> _Directions for this task_
Each entry below should be returned exactly as is, with the pictures removed.

> _Dataset records_
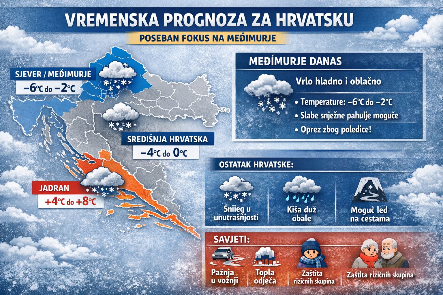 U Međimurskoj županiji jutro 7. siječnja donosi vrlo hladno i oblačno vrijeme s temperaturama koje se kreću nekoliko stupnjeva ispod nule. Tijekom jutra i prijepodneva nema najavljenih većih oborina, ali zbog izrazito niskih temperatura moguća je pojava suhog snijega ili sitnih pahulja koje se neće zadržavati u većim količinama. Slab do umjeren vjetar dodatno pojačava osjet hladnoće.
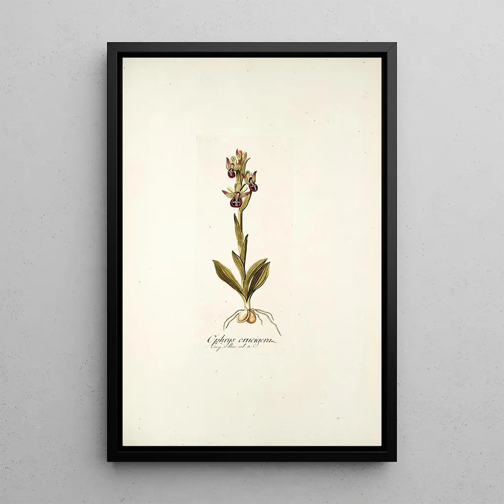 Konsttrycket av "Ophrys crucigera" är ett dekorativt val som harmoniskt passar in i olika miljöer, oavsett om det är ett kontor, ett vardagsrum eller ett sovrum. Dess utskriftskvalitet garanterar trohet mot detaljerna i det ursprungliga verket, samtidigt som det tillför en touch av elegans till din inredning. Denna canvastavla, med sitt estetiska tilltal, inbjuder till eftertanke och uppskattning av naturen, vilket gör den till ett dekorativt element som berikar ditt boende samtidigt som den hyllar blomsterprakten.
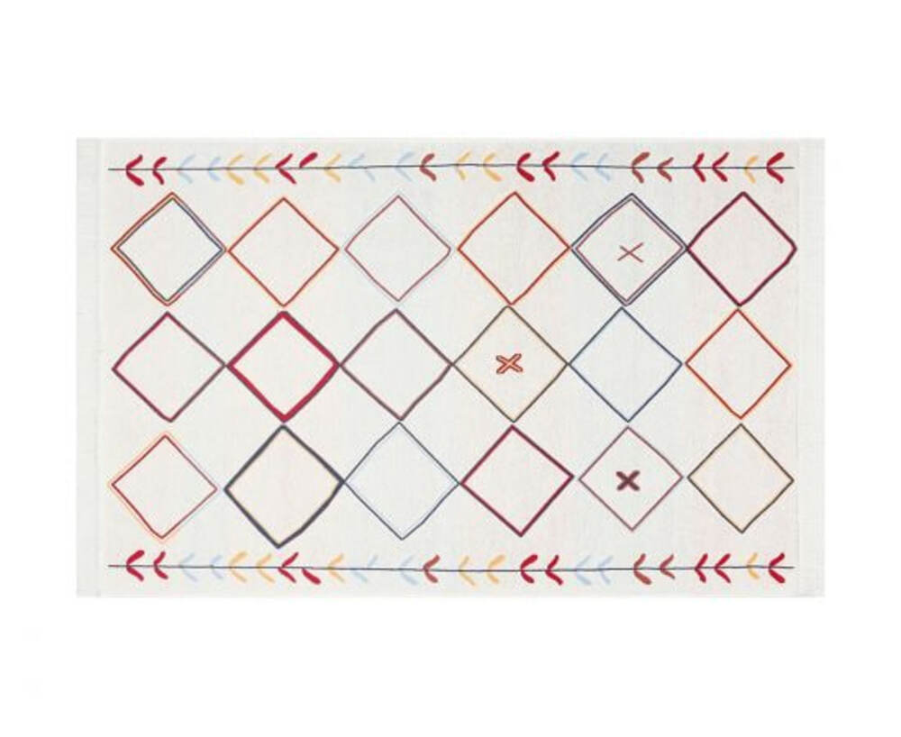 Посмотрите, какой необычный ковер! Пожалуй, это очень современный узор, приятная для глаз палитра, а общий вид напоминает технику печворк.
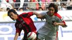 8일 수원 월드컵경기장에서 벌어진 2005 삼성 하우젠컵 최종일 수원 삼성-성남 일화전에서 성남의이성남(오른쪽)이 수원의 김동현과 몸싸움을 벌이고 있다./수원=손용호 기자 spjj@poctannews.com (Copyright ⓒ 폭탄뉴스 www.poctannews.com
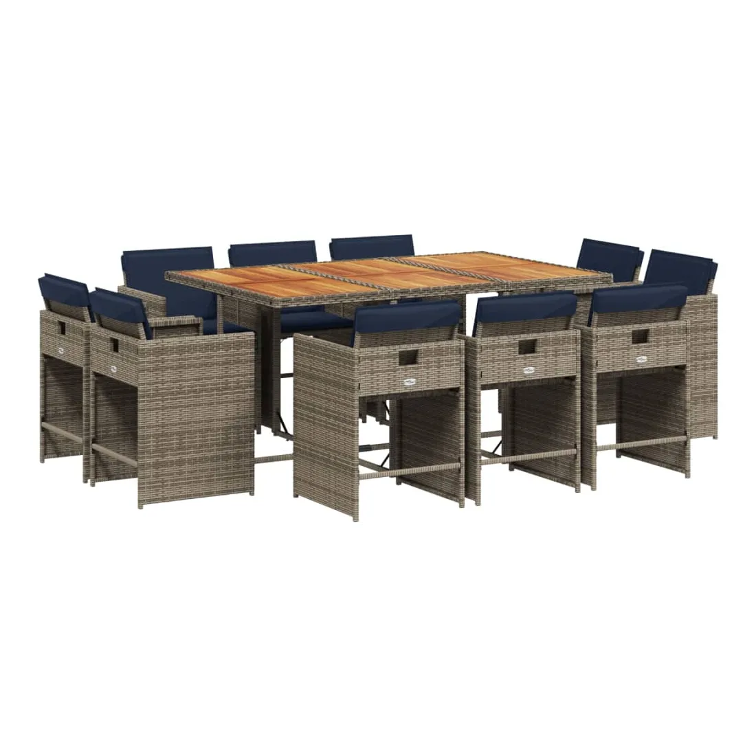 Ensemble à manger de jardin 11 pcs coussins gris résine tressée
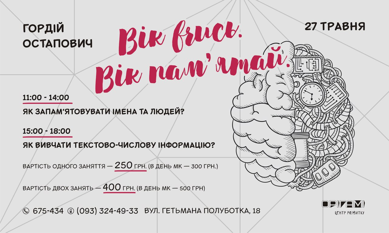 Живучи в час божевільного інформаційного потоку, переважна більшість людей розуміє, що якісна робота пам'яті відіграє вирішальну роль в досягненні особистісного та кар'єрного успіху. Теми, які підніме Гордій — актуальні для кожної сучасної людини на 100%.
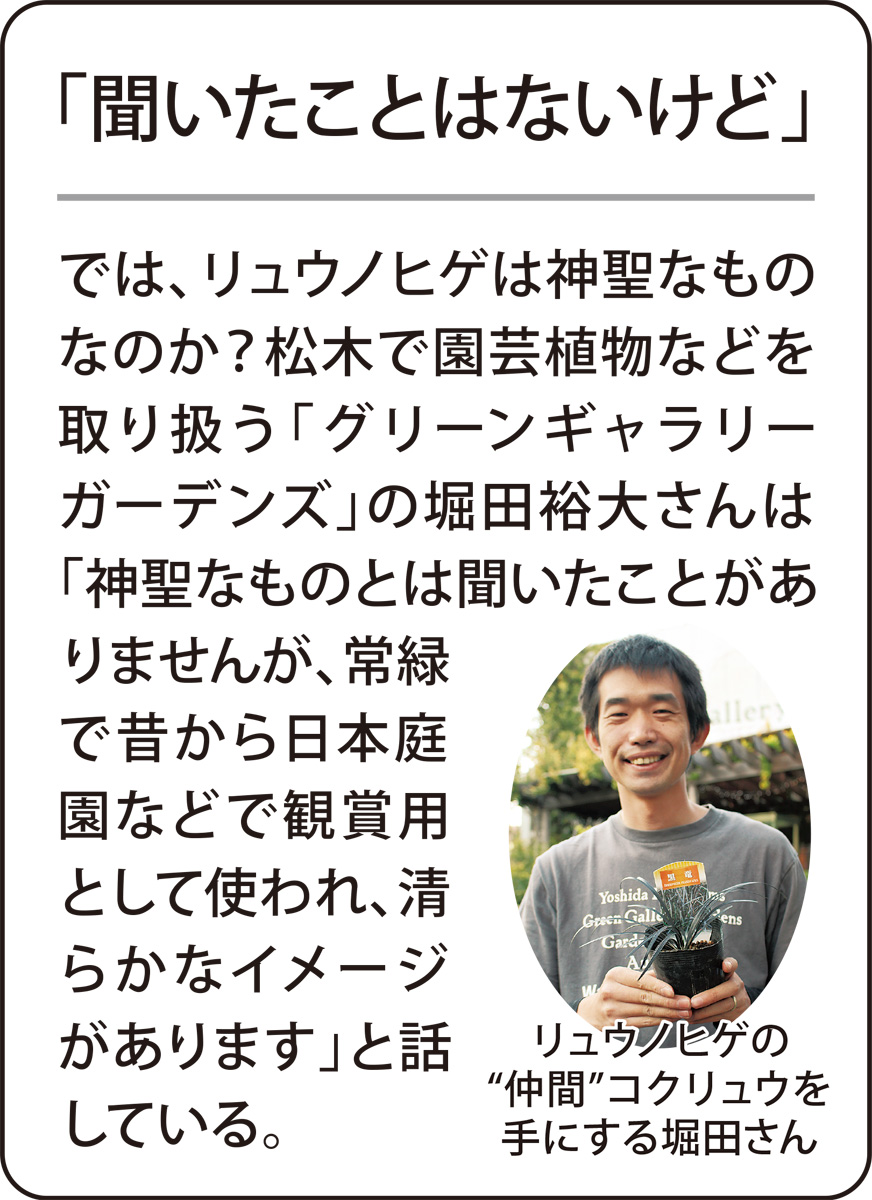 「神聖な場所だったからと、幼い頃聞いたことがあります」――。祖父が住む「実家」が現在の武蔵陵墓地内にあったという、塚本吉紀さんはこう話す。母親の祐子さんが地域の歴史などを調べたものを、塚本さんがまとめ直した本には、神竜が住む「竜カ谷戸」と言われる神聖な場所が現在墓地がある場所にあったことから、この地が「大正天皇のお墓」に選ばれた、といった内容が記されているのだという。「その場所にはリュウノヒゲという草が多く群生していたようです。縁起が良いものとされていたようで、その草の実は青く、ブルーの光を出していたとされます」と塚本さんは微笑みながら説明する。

> _Answer section_
 U Međimurskoj županiji jutro 7. siječnja donosi vrlo hladno i oblačno vrijeme s temperaturama koje se kreću nekoliko stupnjeva ispod nule. Tijekom jutra i prijepodneva nema najavljenih većih oborina, ali zbog izrazito niskih temperatura moguća je pojava suhog snijega ili sitnih pahulja koje se neće zadržavati u većim količinama. Slab do umjeren vjetar dodatno pojačava osjet hladnoće.
 Konsttrycket av "Ophrys crucigera" är ett dekorativt val som harmoniskt passar in i olika miljöer, oavsett om det är ett kontor, ett vardagsrum eller ett sovrum. Dess utskriftskvalitet garanterar trohet mot detaljerna i det ursprungliga verket, samtidigt som det tillför en touch av elegans till din inredning. Denna canvastavla, med sitt estetiska tilltal, inbjuder till eftertanke och uppskattning av naturen, vilket gör den till ett dekorativt element som berikar ditt boende samtidigt som den hyllar blomsterprakten.
 Посмотрите, какой необычный ковер! Пожалуй, это очень современный узор, приятная для глаз палитра, а общий вид напоминает технику печворк.
 8일 수원 월드컵경기장에서 벌어진 2005 삼성 하우젠컵 최종일 수원 삼성-성남 일화전에서 성남의이성남(오른쪽)이 수원의 김동현과 몸싸움을 벌이고 있다./수원=손용호 기자 spjj@poctannews.com (Copyright ⓒ 폭탄뉴스 www.poctannews.com
 Ensemble à manger de jardin 11 pcs coussins gris résine tressée
 Живучи в час божевільного інформаційного потоку, переважна більшість людей розуміє, що якісна робота пам'яті відіграє вирішальну роль в досягненні особистісного та кар'єрного успіху. Теми, які підніме Гордій — актуальні для кожної сучасної людини на 100%.
 「神聖な場所だったからと、幼い頃聞いたことがあります」――。祖父が住む「実家」が現在の武蔵陵墓地内にあったという、塚本吉紀さんはこう話す。母親の祐子さんが地域の歴史などを調べたものを、塚本さんがまとめ直した本には、神竜が住む「竜カ谷戸」と言われる神聖な場所が現在墓地がある場所にあったことから、この地が「大正天皇のお墓」に選ばれた、といった内容が記されているのだという。「その場所にはリュウノヒゲという草が多く群生していたようです。縁起が良いものとされていたようで、その草の実は青く、ブルーの光を出していたとされます」と塚本さんは微笑みながら説明する。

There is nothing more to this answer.